(Udacity: Data Engineering Nano Degree) | [email protected] | 2019-06-09 This project is a part of Udacity's Data Engineer Nano Degree.

PROJECT-4: Data Lake

Quick start

First, rename dl_template.cfg to dl.cfg and fill in the open fields. Fill in AWS acces key (KEY) and secret (SECRET).

Example data is in data folder. To run the script to use that data, do the wfollowing:

Create an AWS S3 bucket.
Edit dl.cfg: add your S3 bucket name.
Copy log_data and song_data folders to your own S3 bucket.
Create output_data folder in your S3 bucket.
NOTE: You can also run script locally and use local input files. Just comment/uncomment rows in etl.py main() function.

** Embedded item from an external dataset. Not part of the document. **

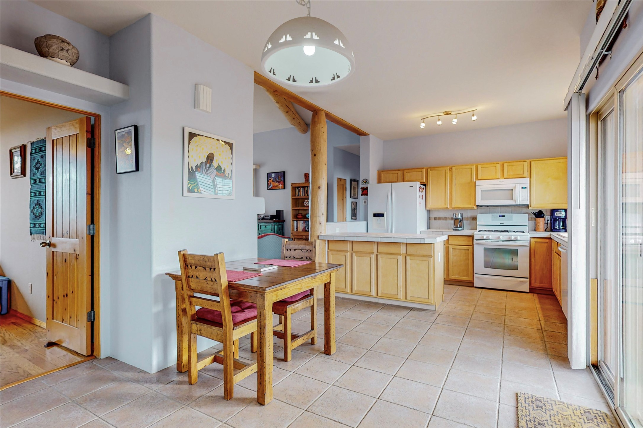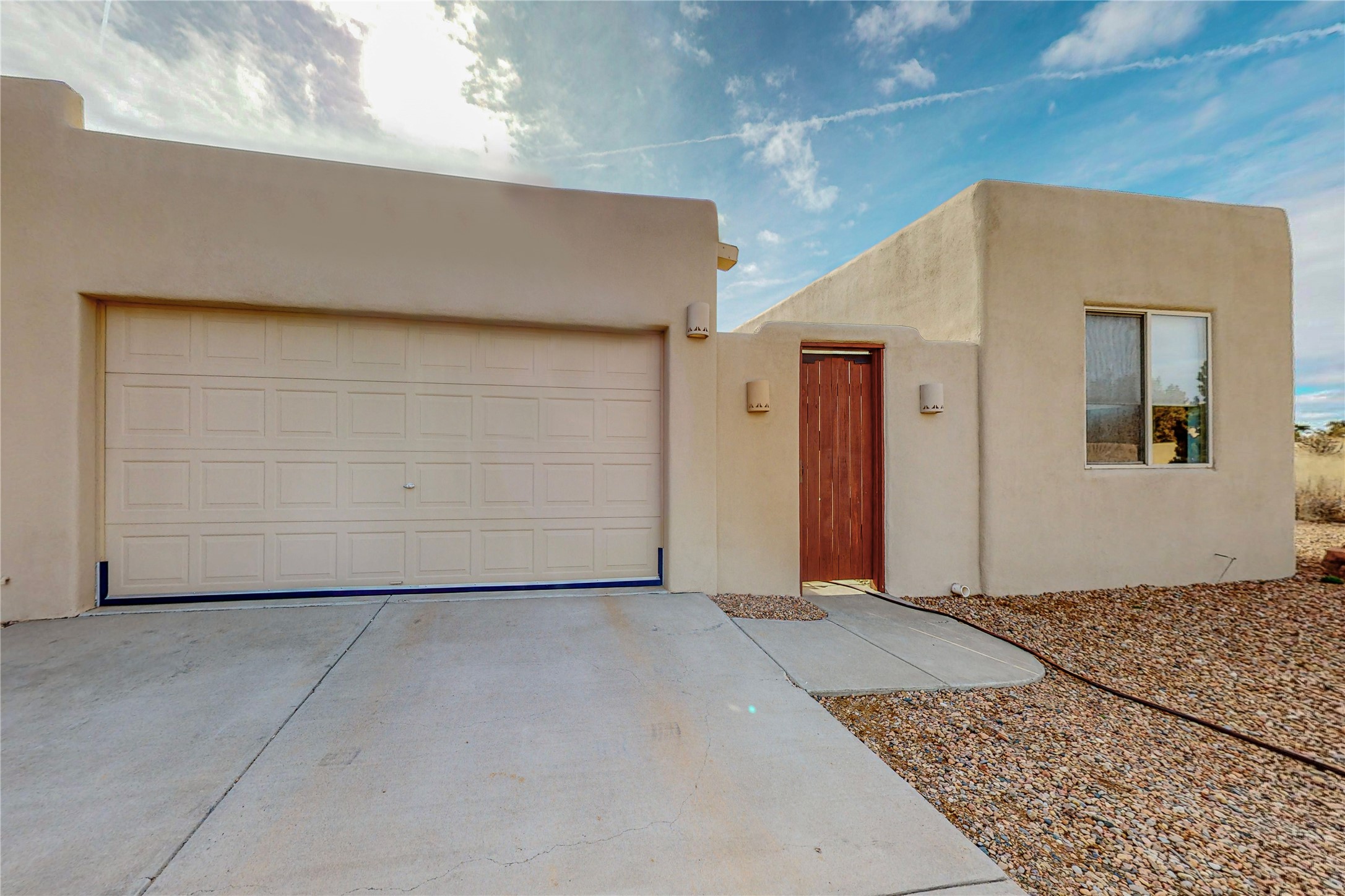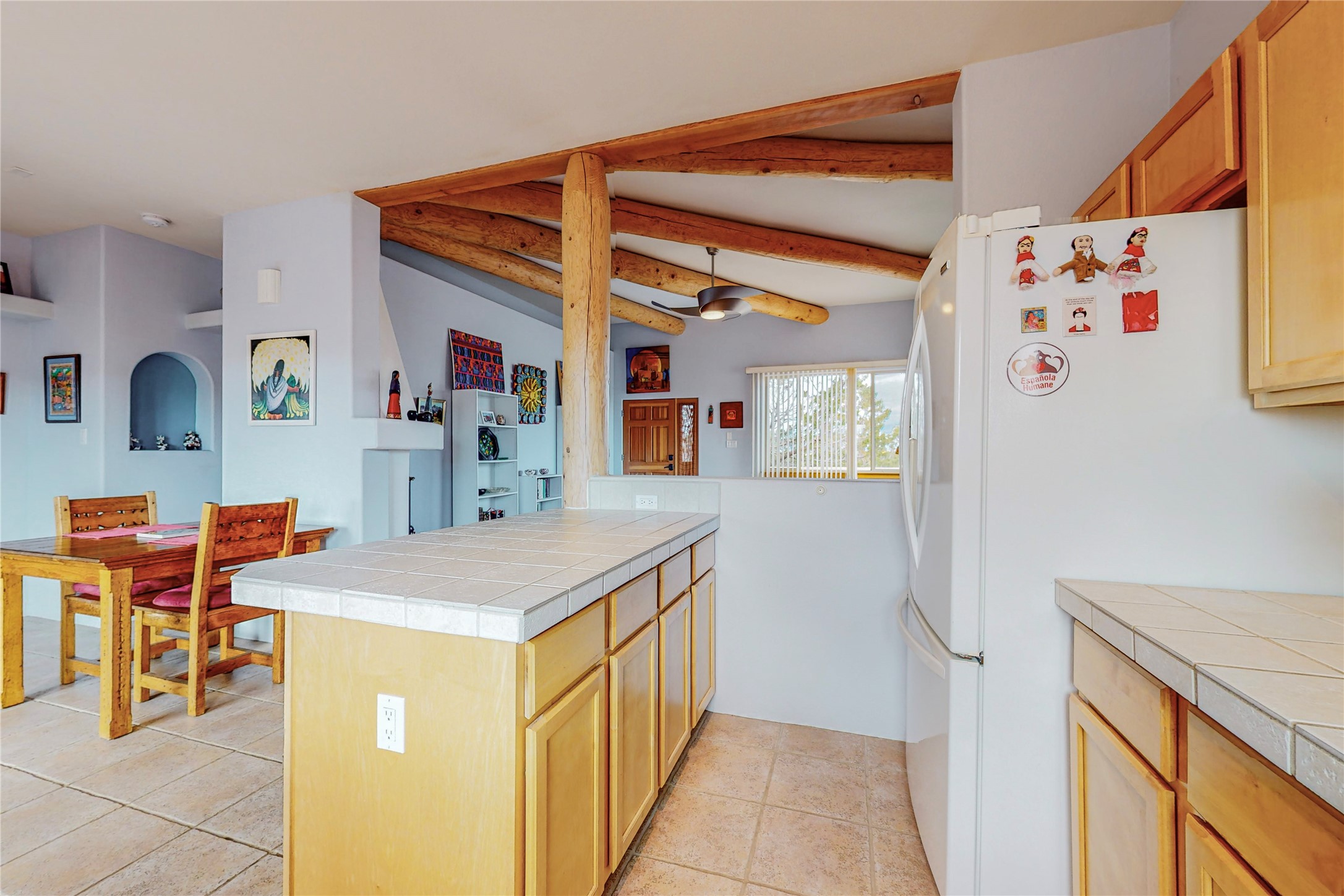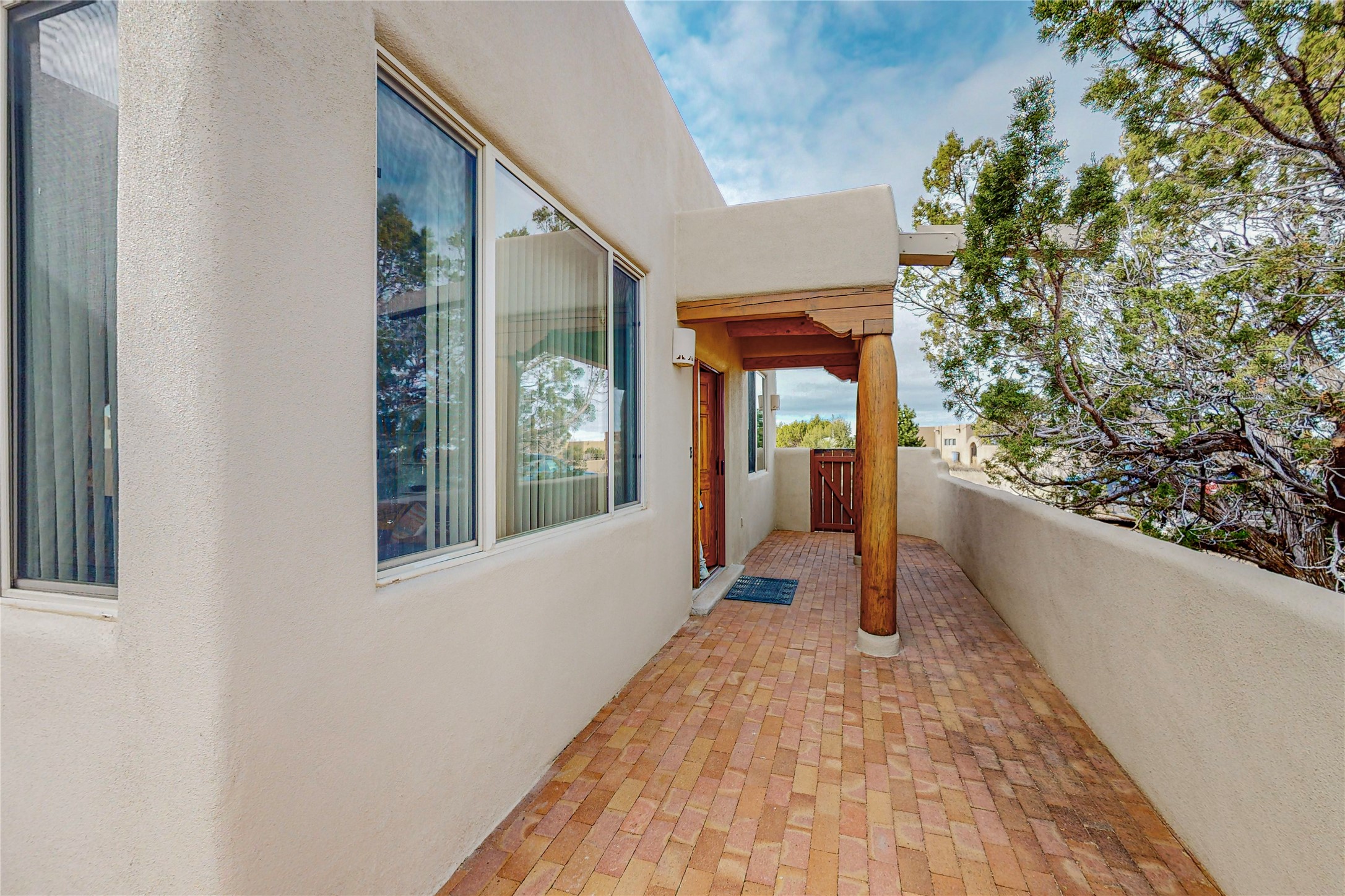 Sparkling light open plan contemporary pueblo Eldorado home with heated and cooled detached studio on high mountain view lot. Simply delightful open plan split 3 bedroom, 2 bath design plus 3/4 bath in Studio. This lovely home is in sparkling condition and shows light and bright throughout. New Navien boiler, hot water heater, casita storm door / 2 windows and awning and dog fenced area in 2021/2022. Stucco, roof and general home maintenance updated to 2022/2023. Fabulous Sangre de Cristo and Jemez mountain views from the living room with vigas and kiva fireplace. Open kitchen with dining area flowing to private walled patio for outside entertaining. Wood floors in bedrooms, tile floors in main living areas. Close to paved Avenida Eldorado for quick access to Eldorado community amenities, local shopping and services, only minutes into Santa Fe
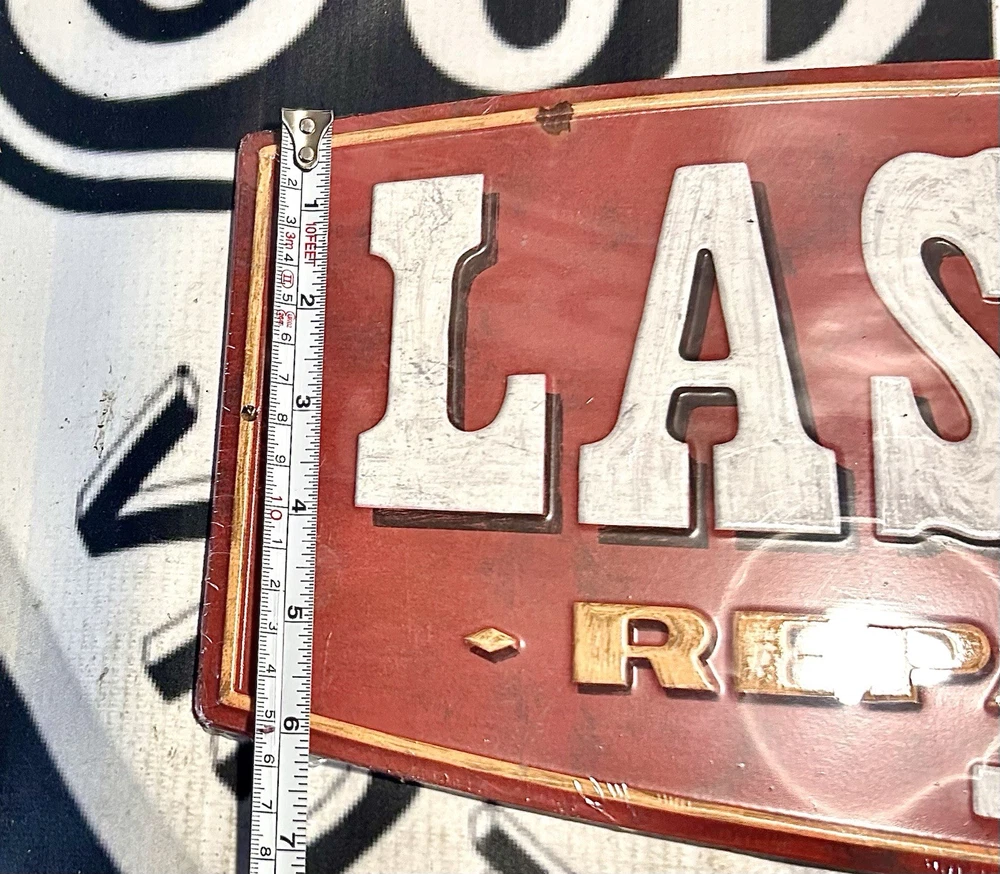 😮 AMAZING PRICE 🤯 *New in packaging* (New old stock). The Metal Sign 'Last Stop Repair Shop Relax I Can Fix It' by Open Road is a unique and nostalgic piece perfect for a garage or mancave. Measuring 23 x 8 inches, this sign features a retro design with a theme of cars, vehicles, and Route 66 advertising. Made of durable metal, it adds a touch of whimsy and character to any space, making it a standout decorative collectible for car enthusiasts and collectors alike. 🚨If you want to BUY NOW, send a fair offer🚨 💨 *FAST SHIPPING*💨 Check out my profile for other Collectibles, Antiques, Vintage, & Essentials.

After installing python3 + Apache Spark (pyspark) libraries and dependencies, run from command line:

python3 etl.py (to process all the input JSON data into Spark parquet files.)

Overview

This Project-4 handles data of a music streaming startup, Sparkify. Data set is a set of files in JSON format stored in AWS S3 buckets and contains two parts:

s3://udacity-dend/song_data: static data about artists and songs Song-data example: {"num_songs": 1, "artist_id": "ARJIE2Y1187B994AB7", "artist_latitude": null, "artist_longitude": null, "artist_location": "", "artist_name": "Line Renaud", "song_id": "SOUPIRU12A6D4FA1E1", "title": "Der Kleine Dompfaff", "duration": 152.92036, "year": 0}
s3://udacity-dend/log_data: event data of service usage e.g. who listened what song, when, where, and with which client

Below, some figures about the example data set (results after running the etl.py):

s3://udacity-dend/song_data: 14897 files
s3://udacity-dend/log_data: 31 files

Project builds an ETL pipeline (Extract, Transform, Load) to Extract data from JSON files stored in AWS S3, process the data with Apache Spark, and write the data back to AWS S3 as Spark parquet files. As technologies, Project-4 uses python, AWS S3 and Apache Spark.

As a local run on laptop, pipeline takes around 1min 40sec to execute with the given test data set.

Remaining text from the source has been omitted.